In the long term, innovation in battery technology could support changes in power demand, facilitate the integration of renewables, and accelerate the potential for the electrification of heavy-duty freight transportation. Further innovation in smart grids could improve the efficiency of distribution networks and optimize Canada’s power profile.

High-carbon fuels like coal can be substituted with natural gas, which has lower carbon emissions, for power generation and transportation. In keeping with Canada’s commitment to reform fossil-fuel subsidies, pricing policies should be transparent, monitored, and enforced, and should reflect the true economic cost of the energy supplied.

To address Canada’s commitment to reduce methane (by 40-45 percent below 2012 levels by 2025), new regulations that limit methane emissions from fugitive sources—like the drilling, extraction, and transportation process—will be applied in the near term to the oil and gas sector. Considering the significant carbon intensity of methane, ensuring they are curtailed will be critical for the resilience of both natural gas exporters and gas export markets, otherwise natural gas will not be viewed as a low carbon option.

CCUS is the process of capturing carbon dioxide emissions at sources like power plants, cement-production facilities, manufacturing operations, and oil sands, and either reusing or storing it so it will not enter the atmosphere. With five large-scale commercial projects now in operation, Canada has the second-largest CCUS capacity in the world. Most CCUS technologies, however, are still in the early stages of development. They would benefit from scaled demonstration and continued innovation to refine the technology and manage costs.

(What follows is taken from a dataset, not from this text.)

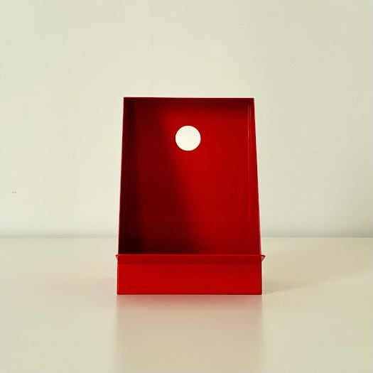 選び抜かれた赤色もとても魅力的。壁にかけることもできます。また小物入れとしても使えます。

As an alternative fuel, hydrogen is plentiful, non-toxic, efficient, and safe. Clean hydrogen could boost the resilience of Canada’s energy sector through various applications in the industrial sector, transportation, and buildings. New technologies can be scaled to create fresh market demand for low-carbon hydrogen, and to decarbonize those sectors that cannot yet be fully electrified. Support for hydrogen end-use technologies could provide resource-based provinces the opportunity to lead the transition to a low-carbon future.

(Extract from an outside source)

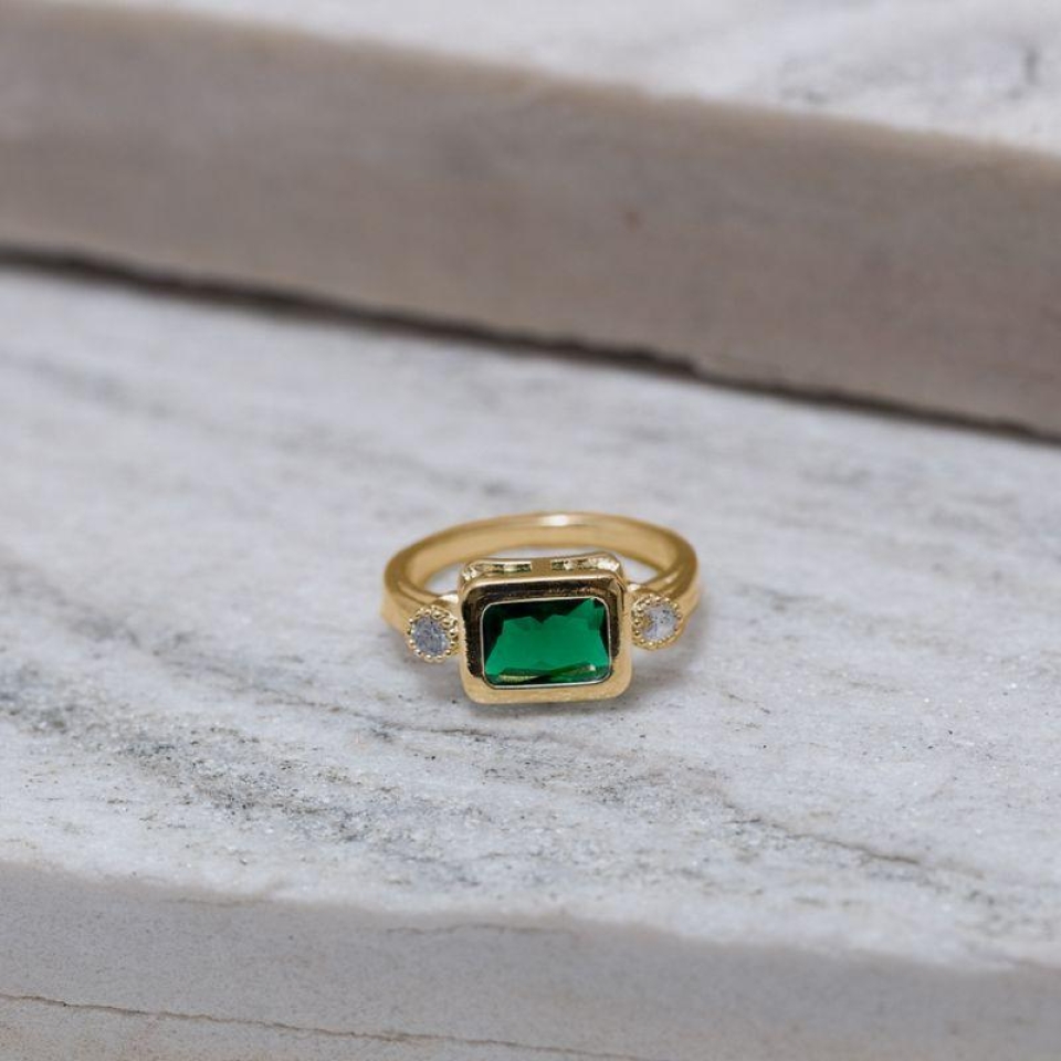 Anel Quadrado com Pedra Verde Esmeralda em banho Ouro 18K

An area in which Canada is an emerging world leader, DAC technology captures and uses carbon dioxide from the atmosphere. The process uses industrial-size fans to direct air through a chemical process that strips away carbon, which is then stored underground or sold to industrial customers. Once thought to be unrealistic, several DAC pilot projects are either in operation or under construction globally.
The potential of DAC to reduce carbon emissions is contingent on the scale and progress of advancements in this technology. Since DAC consumes energy, its economic and environmental viability depends on being in proximity to renewable energy sources. DAC could contribute to Canada’s technological exports while reducing GHGs on a global scale.

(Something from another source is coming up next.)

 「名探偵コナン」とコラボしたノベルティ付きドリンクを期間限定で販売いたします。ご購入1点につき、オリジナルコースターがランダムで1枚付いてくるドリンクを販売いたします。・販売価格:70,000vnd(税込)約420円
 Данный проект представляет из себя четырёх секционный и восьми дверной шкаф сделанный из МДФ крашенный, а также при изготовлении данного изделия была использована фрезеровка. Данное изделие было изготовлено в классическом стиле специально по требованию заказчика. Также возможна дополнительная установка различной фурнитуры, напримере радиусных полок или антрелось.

Small modular reactors (SMRs) produce clean power, and are smaller in both size and output than a traditional nuclear power plant. These are promising for powering remote communities and off-grid industrial projects. Although SMR technology is currently unproven at scale, deploying them could involve lower initial capital costs compared with their large-reactor counterparts. The federal government recently announced a $20 million investment (in Ontario-based Terrestrial Energy Inc.) to help bring SMRs to the Canadian market.